# Lightmalls.com



## SJDude (Oct 29, 2009)

Ok I asked in the chinese light thread and no answer. Just looking for feedback if anybody has ordered from them, and your experience with their lights and customer service.

Professional LED Flashlights & Bicycle lights At Right Price- Worldwide Fast Free Shipping!

They have lights up to 9 led which look huge, I'm looking for something to augment my 5 year old light and motion 200 lumen lights that still work. I'm just getting sick of buying new lights every few years only to have them obsolete by the time next year comes around.

I'll Probably go for 5 LED ones...


----------



## varider (Nov 29, 2012)

I forgot to answer your question the other day. I order a couple of solarstorm lights from them a while back (2 years?) and I always got what I ordered. One time they actually sent me a whole kit when I just ordered a lighthead. So I think it's as legit as any other China site. Anyway, I never had to deal with customer service.

I woulnd't get those 5 led or 9 leds lights. They are mostly junk.

Most people are buying lights from gearbest, but they had some problems with Nitefighter orders which have now been discontinued. Anyway there's a couple of forum guys who interact with them very closely, which can't be said of the other China sites.
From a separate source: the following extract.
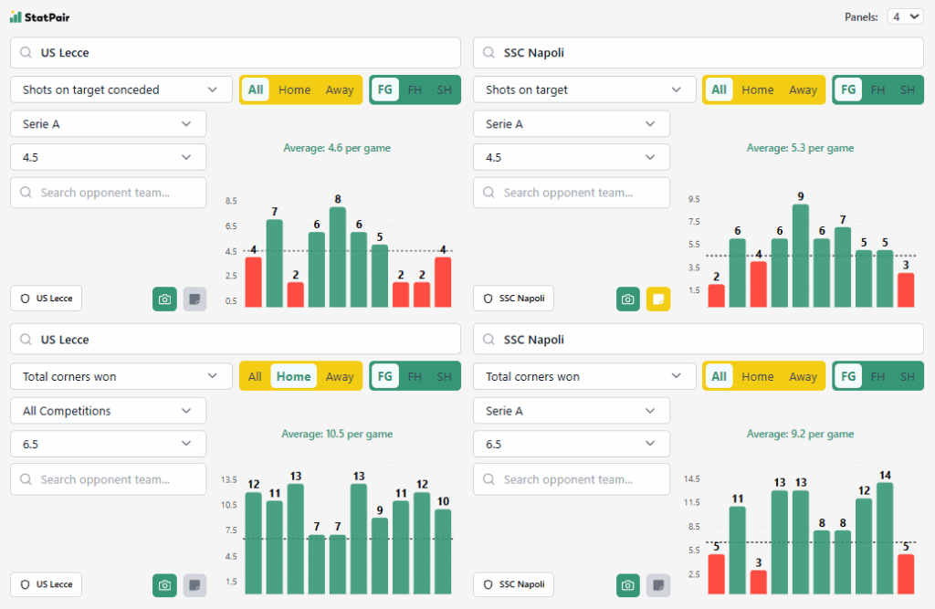 - Nasz typ: +6,5 rzutów rożnych & Napoli +4,5 celnych strzałów
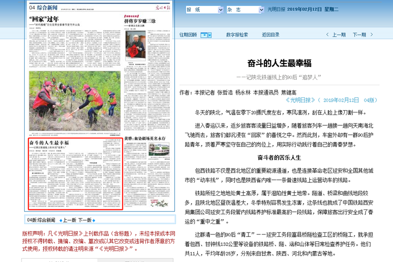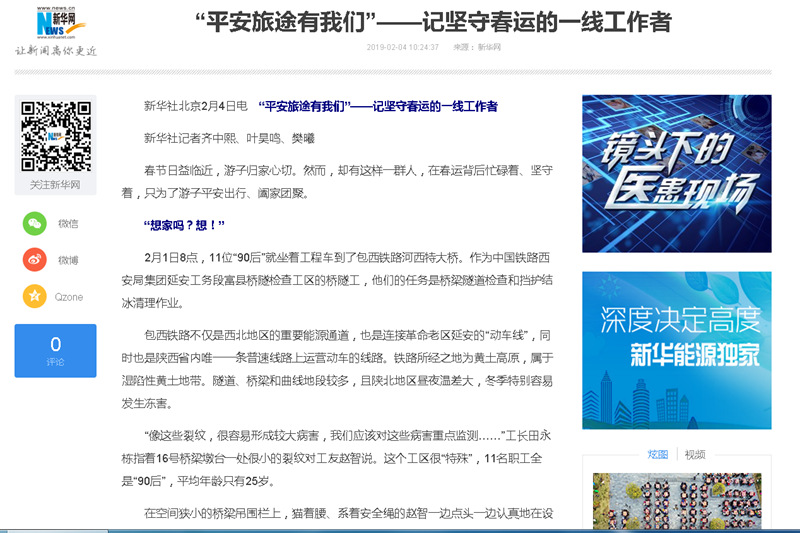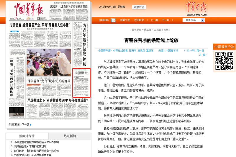 近日,一支90后青工班组火了,他们不畏严寒,自备干粮,依然坚守在工作岗位,为春运保驾护航的事迹,先后受到新华社、光明日报、中国青年报的深度报道。他们来自中国铁路西安局集团公司延安工务段富县桥隧检查工区的桥隧工,其中有9人毕业于陕铁院。现将原文转载如下:

Another very reputable place to order from is action led 
High Quality LED Bike Lights from Gemini, Gloworm and Magicshine ? Action-LED-Lights
They have good stuff, Magicshine, Gemini, Gloworm etc. They have very good customer service, you'll see him on the forum on a semi regular basis.


----------



## Cat-man-do (May 16, 2004)

SJDude said:


> Ok I asked in the chinese light thread and no answer. Just looking for feedback if anybody has ordered from them, and your experience with their lights and customer service.
> 
> Professional LED Flashlights & Bicycle lights At Right Price- Worldwide Fast Free Shipping!
> 
> ...


Not impressed with what I saw on their website. When they list 3-modes ( for their lamps ) they are talking about Hi-low-flash..."flash" which is usually a strobe in most cases that is completely unusable. If you are looking for a cheap Chinese lamp I would recommend Kaidomain as they have a very good assortment of lamps, some even with the more popular "neutral white" Cree LED's. K/D website also tends to give the buyer more usable information about the lamps although like most Chinese sites also over-rates some of the outputs. K/D not as bad as some of the others though. Not to mention that K/D will sell you a "light head only lamp" if you already have a battery....BUT, if you need a "decent" battery pack for your lamp, Kaidomain has a nice assortment of Panasonic battery packs. These packs were provided as a result of people ( fellow posters ) from MTBR lobbying to get better batteries for their lamps.

Gearbest has some interesting offerings as well but some people ( including myself ) have had shipping issues with GB. I will say that GB has an nice line-up of affordable torches that also can work well as a basic bike light.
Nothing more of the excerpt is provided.